▶ **EXERCISE DETAILS**: Below, find the line containing "小早川 ポポさんの総格は22画の1点" and the line containing "2 Remove the"; reproduce exactly those two and every line between them, omitting pictures.

▶ **SOURCE RECORDS**:
============================================================

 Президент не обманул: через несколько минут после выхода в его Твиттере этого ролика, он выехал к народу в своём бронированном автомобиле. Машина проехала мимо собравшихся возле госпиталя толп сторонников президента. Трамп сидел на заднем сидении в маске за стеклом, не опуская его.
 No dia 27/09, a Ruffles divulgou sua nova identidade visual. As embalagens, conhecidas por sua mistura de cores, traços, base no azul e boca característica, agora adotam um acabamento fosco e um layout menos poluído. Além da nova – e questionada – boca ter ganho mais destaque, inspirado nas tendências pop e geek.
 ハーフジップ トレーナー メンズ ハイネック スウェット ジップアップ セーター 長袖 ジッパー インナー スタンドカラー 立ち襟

============================================================

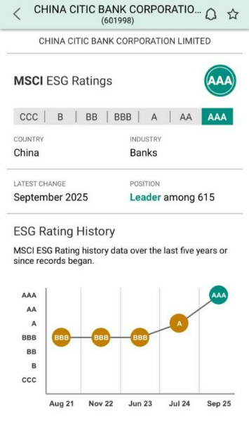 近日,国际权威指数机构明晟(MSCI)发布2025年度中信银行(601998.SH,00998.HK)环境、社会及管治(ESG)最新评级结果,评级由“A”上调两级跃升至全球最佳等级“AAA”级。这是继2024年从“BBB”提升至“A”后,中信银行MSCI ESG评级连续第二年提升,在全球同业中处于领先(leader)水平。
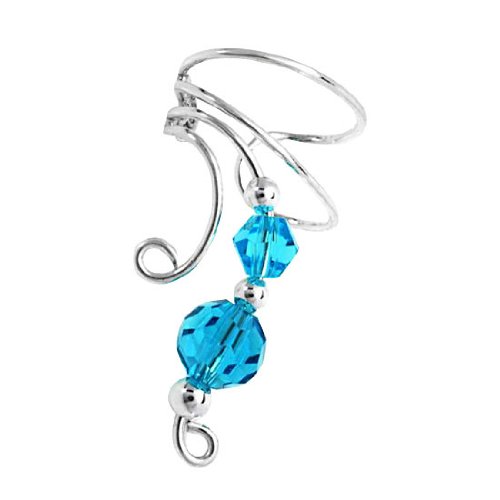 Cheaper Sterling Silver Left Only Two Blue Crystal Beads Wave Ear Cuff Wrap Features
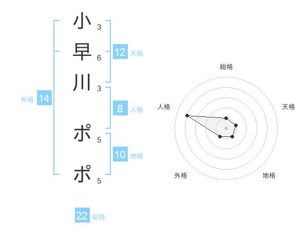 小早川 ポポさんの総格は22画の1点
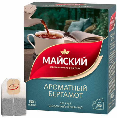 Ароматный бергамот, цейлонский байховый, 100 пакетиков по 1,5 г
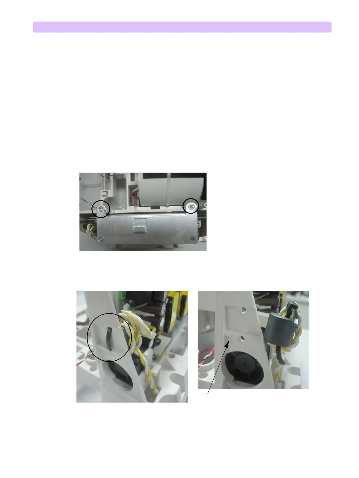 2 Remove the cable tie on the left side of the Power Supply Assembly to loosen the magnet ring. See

============================================================

▶ **SOLUTION**:
 小早川 ポポさんの総格は22画の1点
 Ароматный бергамот, цейлонский байховый, 100 пакетиков по 1,5 г
 2 Remove the cable tie on the left side of the Power Supply Assembly to loosen the magnet ring. See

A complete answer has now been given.